Items listed in a dataset

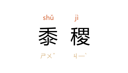 ⒈ 黍和稷。为古代主要农作物。亦泛指五谷。《诗·王风·黍离》:“彼黍离离,彼稷之苗。”后因以“黍稷”为感叹古今兴亡之典。
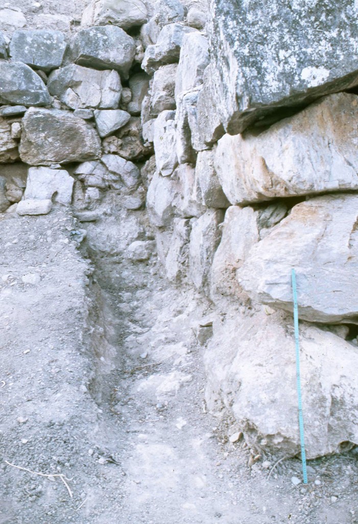 Φωτογραφία με το εντυπωσιακό, «κυκλώπειας κατασκευής», Παλαιοανακτορικό τείχος του Πετρά Σητείας από το αρχείο της ανασκαφής Πετρά). Σώζεται σε ύψος αρκετά μεγαλύτερο των 2 μ.
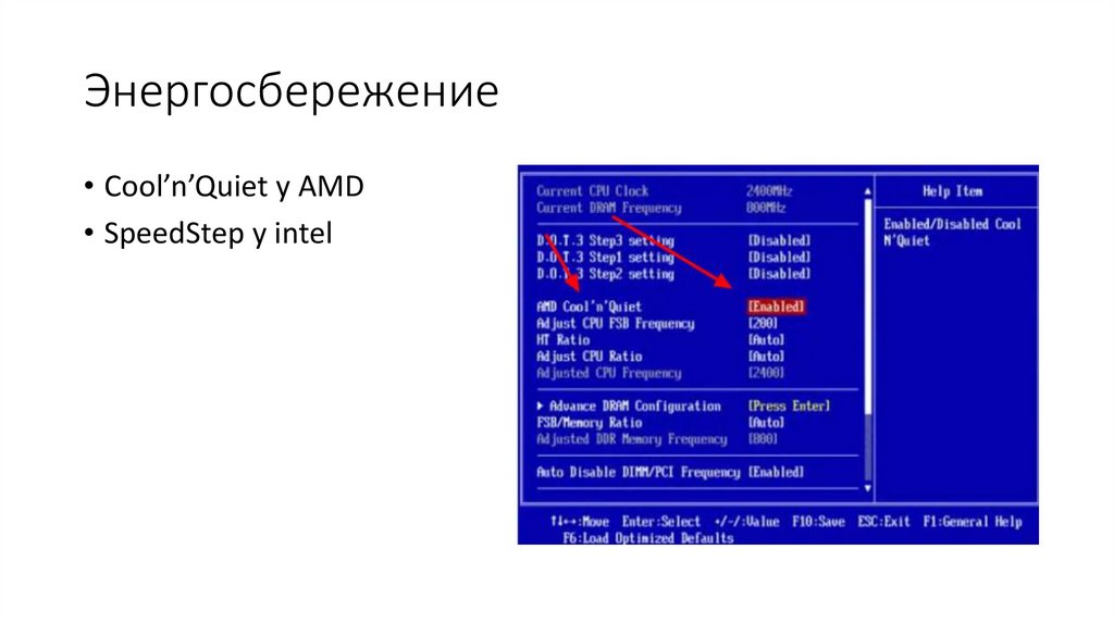 Энергосбережение• Cool’n’Quiet у AMD
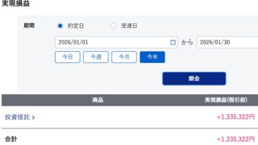 コラム 小説 2026年1月の投資利益は約133万円(特定口座からNISA口座に資金移動)投資残高3500万円
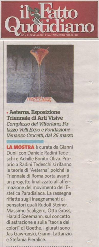 L'opera "Il Gazometro e la Ballerina" é stata esposta alla Triennale di Arti Visive di Roma (25 marzo - 22 aprile 2017) Palazzo Velli Expo, piazza S. Egidio 10 (Trastevere)
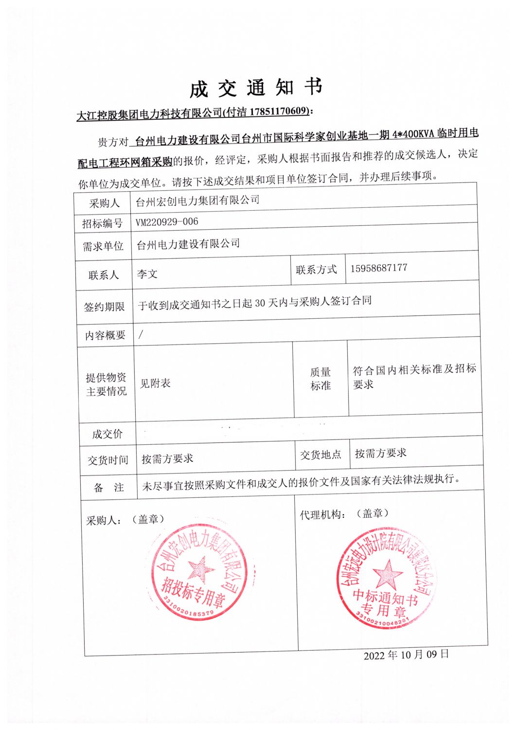 2022年10月9日,我公司在宏創集團2022年9月第五批物資采購中,憑借過硬的產品質量,紮實高效的工作作風、卓越的團隊服務和良好的企業信譽,以絕對的優勢順利中標,項目單位為:台州電力建設有限公司台州市國際科學家創業基地一期4*400KVA臨時用電配電工程,中標物資為:環網箱包1標段。

Work task:
Reproduce only the lines from the line that holds "Egidio 10 (Trastevere)" through the end of the records, exactly as they stand, both ends included and pictures excluded.

Written reply:
 L'opera "Il Gazometro e la Ballerina" é stata esposta alla Triennale di Arti Visive di Roma (25 marzo - 22 aprile 2017) Palazzo Velli Expo, piazza S. Egidio 10 (Trastevere)
 2022年10月9日,我公司在宏創集團2022年9月第五批物資采購中,憑借過硬的產品質量,紮實高效的工作作風、卓越的團隊服務和良好的企業信譽,以絕對的優勢順利中標,項目單位為:台州電力建設有限公司台州市國際科學家創業基地一期4*400KVA臨時用電配電工程,中標物資為:環網箱包1標段。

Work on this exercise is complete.